Just a sample coloring:







.... *or* ....







.... *or* ....








staying with the greens but using a more silvery green as well. I guess the white headed one and the white headed/shoulder one could be ranking.

Any opinions, or other chapter suggestions would be greatly appreciated.


----------



## cccp (Dec 15, 2006)

my vote goes to SW. id avoid DA at all costs.


----------



## The Wraithlord (Jan 1, 2007)

Soul Blades. DIY chapters are much more satisfiying I think. And while SW's are cool, they have some nasty limitations and such to work with. Not to mention that when their codex is redone in the next couple years, they are going to COMPLETELY change, I guarantee it. DA at least was just finished so you know you have a good while to run with them.


----------



## Stella Cadente (Dec 25, 2006)

Dark Angels, they have the best rules out there marine wise at the moment, no stupid stuff, otherwise I would of said Wolves, but.....I'd wait for the next codex, no matter how far it is


----------



## Wrath of Khaine (Dec 29, 2006)

Even though I LOVE me so Space Wolves and have played them for years, I was always more interested in the Dark Angel mystique. Having their own heresy during the Horus Heresy and all the flavor of being such an old army in 40k adds alot of depth. Then the fact of the Lion pwning Leman Russ in single combat is pretty hot. I prefer tactical thinking over brute combat myself, so go Dark Angels. Have you ever thought about using their original color scheme, the pre-green days? I only ever had 500pts of Dark Angels, but I used the old black scheme and added the dark green on my veterans and for misc. gear worn.


----------



## Jacobite (Jan 26, 2007)

Like Wraith I say Soul Blades. DIY is better for SM's as long as you have good fluff. Otherwise SW. Dogs in power armour - whats not to love?


----------



## torealis (Dec 27, 2006)

i voted SW, but i think Soul Blades for the same reasons as everyone else. DIY is so much better.


----------



## maximus2467 (Jun 14, 2007)

space wolves rock but be aware i believe they are re doing them soon and if they do then they will prob go the same way as all the other armies (ie get rid of most of the stuff that makes em great)


----------



## dakari-mane (Mar 9, 2007)

As chapter master of the Sons of Dorn I advise starting your own chapter.


----------



## Firewolf (Jan 22, 2007)

maximus2467 said:


> space wolves rock but be aware i believe they are re doing them soon and if they do then they will prob go the same way as all the other armies (ie get rid of most of the stuff that makes em great)

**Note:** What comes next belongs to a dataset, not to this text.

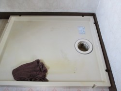 スタッフブログ 2014年4月2日今日は、午前と午後に其々全自洗の納品が在りました。 既存品を撤去して、洗濯パン(洗濯機の下の、おぼん・トレーみたいな物)を見ると、さすがに汚れとゴミが見立ちます。 すかさず持参の掃除道具でお掃除します。 お客様には、その場はご遠慮頂いて、せっせとお掃除です。 なかなかお掃除出来る場所では在りませんので、洗濯パンとその排水トラップを取り外して、キレイキレイにしていきます。

>> Yep, they will become hairy Space Marines. Not looking forward to the new dex at all. Have already said, if they give Wolves combat squads, then i will make my own chapter, with Wolf-like traits. Fuckin Games Workshop!!!

>> On to subject. I voted for your own chapter, cos it shows you have an imagination. I know I do wolves, cos they are the shiznit, but would like to do my own chapter eventually. Every time I try, they always end up like wolves.


----------



## Red Orc (Jun 14, 2007)

Didn't read what you wanted before voting, because when you present me with a question phrased "Dark Angels or Space Wolves", the answer is "well, Dark Angels, obviously... sorry, what was it you wanted to know?"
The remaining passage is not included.